The others however, seemed to have landed themselves in the pool of mediocre living. Jason became a construction worker for a private own company. Willard became a cook in a cheesy restaurant. And Brady became a bartender in a rundown biker's bar. They had the lives he would've had if he had not possesed the willpower to persevere through homelessness, hunger, and physical abuse throughout his younger years.
He grew up in the foster care system. Somehow he always landed in an abusive home. I ran away often. In spite of it all, he managed to get through high school and obtain a full academic scholarship to a prestigious college, where he got his master's in the medical field.
He stood up from his desk, then looked over at the picture of his wife. It sat on the shelf next to his framed doctorate certificate. His other certificates of accomplishments hung on the wall. His plaques and trophies he kept at home.
Each time he looked at his wife, or even a picture of her, it saddened him. She had been diagnosed with cervical cancer a year into their marriage. Only after months of chemotherapy and a life changing surgery, was she back on her feet. With the removal of her uterus, he knew she wasn't the same woman mentally that he'd married. Although she put on a smile and tried to talk positive, he saw through the facade.
She'd wanted to have them a daughter before she'd been diagnosed with cancer.
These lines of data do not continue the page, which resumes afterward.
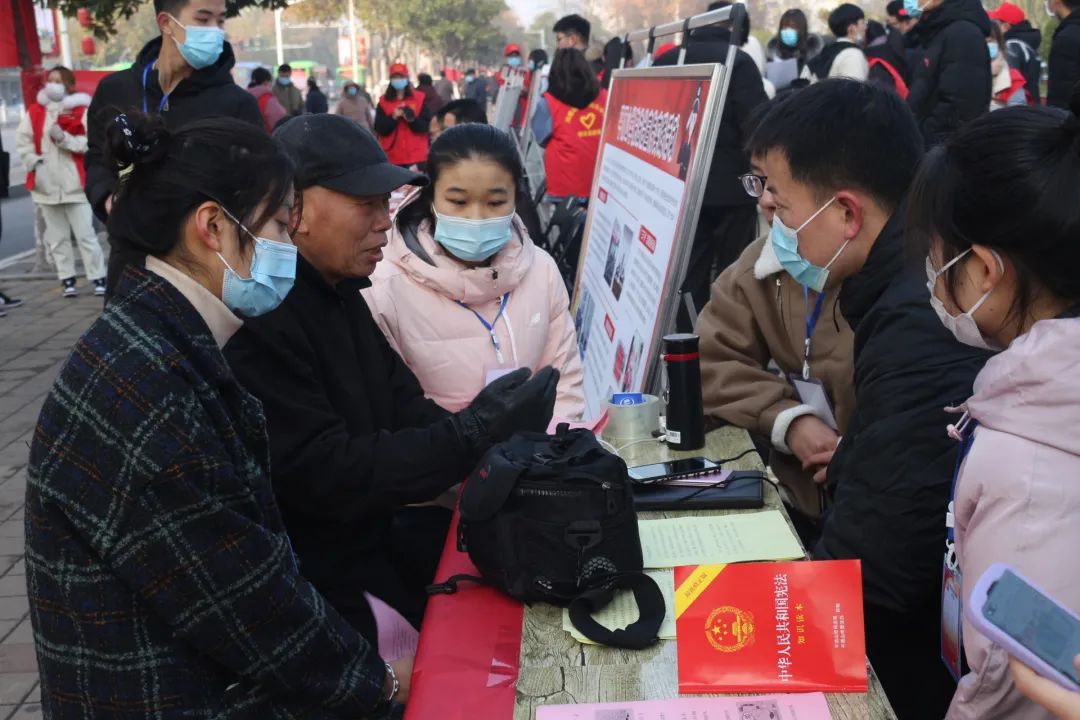 当天上午,我院师生代表在平顶山市鹰城广场、我校扇形广场通过摆放展板、发放法律知识传单、提供法律咨询服务、举行“礼赞宪法”签名活动等方式进行法治宣传,为广大市民、同学们普及法律知识,增强法治意识。
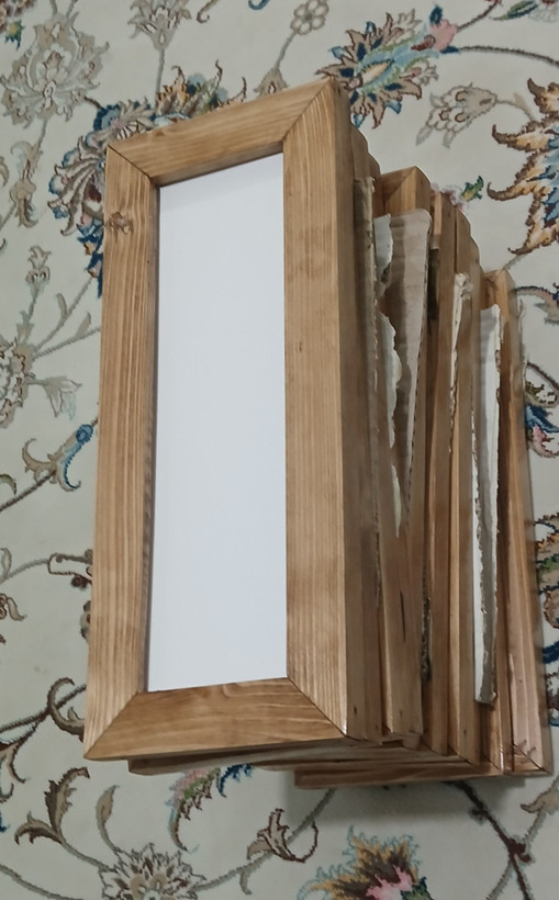قاب عکس چوبی جنس کار چوب روسی باروکش نیم پلی استربراق ابعاد ۱۰در۳۰ .به همراه شیشه وورق سه میل برای پشت کار.پشت کار پیچ است
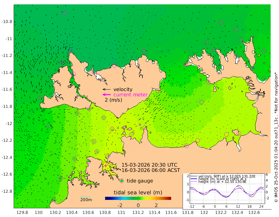 11cm/s 89T +4cm/s rms + 6cm/s 51T. Darwin_C1 52m 26cm/s 93T +4cm/s rms + 7cm/s -161T. Darwin_CW1 22m 25cm/s 66T +4cm/s rms + 8cm/s 61T. Darwin_CW2 34m 21cm/s 32T +3cm/s rms + 9cm/s 98T. Darwin_CW3 22m 37cm/s 88T +5cm/s rms + 7cm/s 88T. Darwin_C3 56m 0cm/s 149T +2cm/s rms + 9cm/s -126T. Darwin_CTbW 22m 10cm/s -75T +1cm/s rms + 1cm/s -47T. DARBGF 30m 15cm/s -55T +4cm/s rms + 3cm/s 80T. NRSDAR 19m -60cm Goodrich Bank 13cm Point Jenny 12cm Native Point 29cm Fish Reef 32cm Tapa Bay -27cm Point Fawcett (Offshore) 39cm Burge Point 26cm Munkunuwa 2cm Beagle A 43cm Parsons Bank 37cm Fenton Patches 51cm Hancox Shoal Area 54cm Nightcliff 60cm Darwin 41cm Charles Point Patches 53cm Glyde Point 66cm Chambers Bay 69cm Point Stuart 56cm Cape Hotham 44cm Christine Reef 77cm West Alligator Head 84cm East Field Island 45cm Two Hills Bay 47cm Camp Point 31cm Medina Inlet South -35cm South Barlow Point -46cm St. Asaph Bay -59cm Cape Van Dieman -54cm Snake Bay -56cm Cache Point -39cm Point Jahleel (Off) -9cm Cape Don -32cm Port Essington -35cm Smith Point - West -33cm NW Peacock Island -39cm North Of Jones Shoal -12cm Peacock Island -4cm Point David -30cm D'urville Point 1cm Copeland Island -9cm One Tree Point
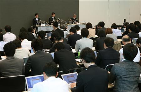 会見する笹井芳樹・理化学研究所発生・再生科学総合研究センター副センター長(中央)ら=16日午後、東京都千代田区(小野淳一撮影)
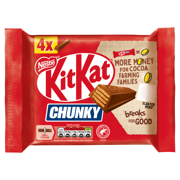 Kitkat Chunky Milk Chocolate 4 Pk Pmp 1.85 Pack & Size : 24(4X32G) Pallet Qty : 144 Layer Qty : 0 Product Code : 12623711 - + Add to Quote
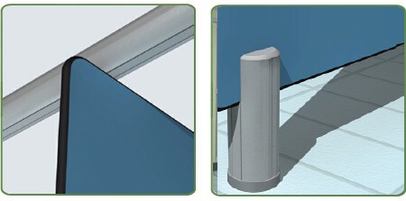 Estas soluciones tienen un gran impacto estético y, al mismo tiempo, se caracterizan por la ausencia absoluta de dispositivos de fijación visibles como tornillos, remaches, etc. Esto permite un saneamiento fácil y correcto de estructuras y pisos en particular. Finalmente: sin mantenimiento y duración ilimitada.
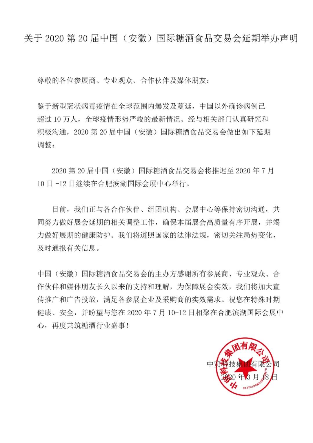 根據(jù)糖酒會設(shè)計搭建公司領(lǐng)藝展覽了解到,2020第20屆中國(安徽)國際糖酒食品交易會將延期舉辦。如需糖酒會展會設(shè)計請聯(lián)系領(lǐng)藝展覽,希望我們能在糖酒會搭建上為您添磚加瓦,祝各位朋友收獲多多,滿載而歸!
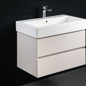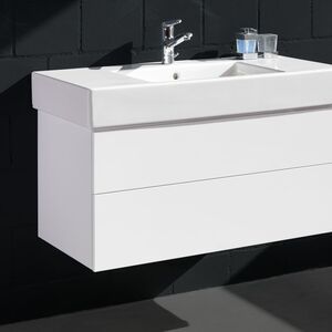 Relief: Fronten Relief mit schwarzer MDF-Trägerplatte, Korpusseiten in MDF schwarz mit Relief, Seiten und Fronten seitlich in Gehrung (Bei Keramikwaschtisch-Unterbauten auf Anfrage) Griffleisten im passenden Holz glatt furniert (gegen Mehrpreis)
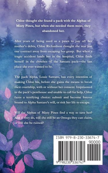 Chloe thought she found a pack with the Alphas of Misty Pines, but when she needed them most, they abandoned her. After years of being used as a pawn to pay off her mother's debts, Chloe Richardson thought she was just one contract away from escaping her grasp. But when a tragic accident lands her in the hospital, Chloe finds herself in the clutches of the Santaro pack-the last place she ever wanted to be. The pack Alpha, Louie Santaro, has every intention of making Chloe his, before she gains the means to break their courtship, with or without her consent. Imprisoned in the pack's penthouse and unable to call for help, Chloe faces a terrifying choice: submit and become forever bound to Alpha Santaro's will, or risk her life to escape. Will the Alphas of Misty Pines find a way to save her? And if they do, will she still be an Omega they can claim, or will she be ruined?
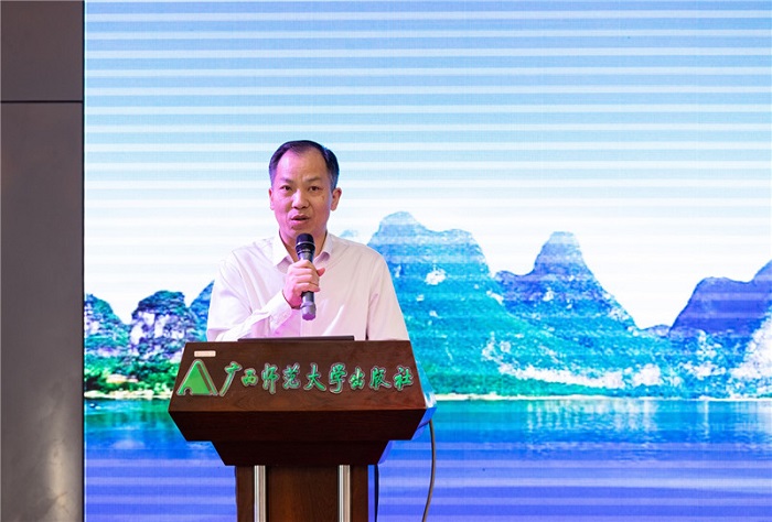 广西师范大学出版社集团公司党委书记、董事长黄轩庄致辞 (黄国生 摄)

After the surgery he'd brought up the option of adoption. " It would mean so much to me, " she'd stated emphathically. Two months later the cancer had returned. It was spreading rapidly. It overtook her body to the point of her being put into a hospice three months after the diagnosis.
Dr. St.Clair didn't know how much time he had left with his wife, but he planned on giving her one last joy before she died.
With the briefcase in hand, he rushed out of his office and down the hall towards the paternity ward where his newborn daughter awaited him.
He felt liberated.
All he could think about was, how wonderful it was going to be to hear his wife name their daughter.
Then for a brief moment, he thought about the jocks. " One down and three to go, " he said to himself, then laughed heartily.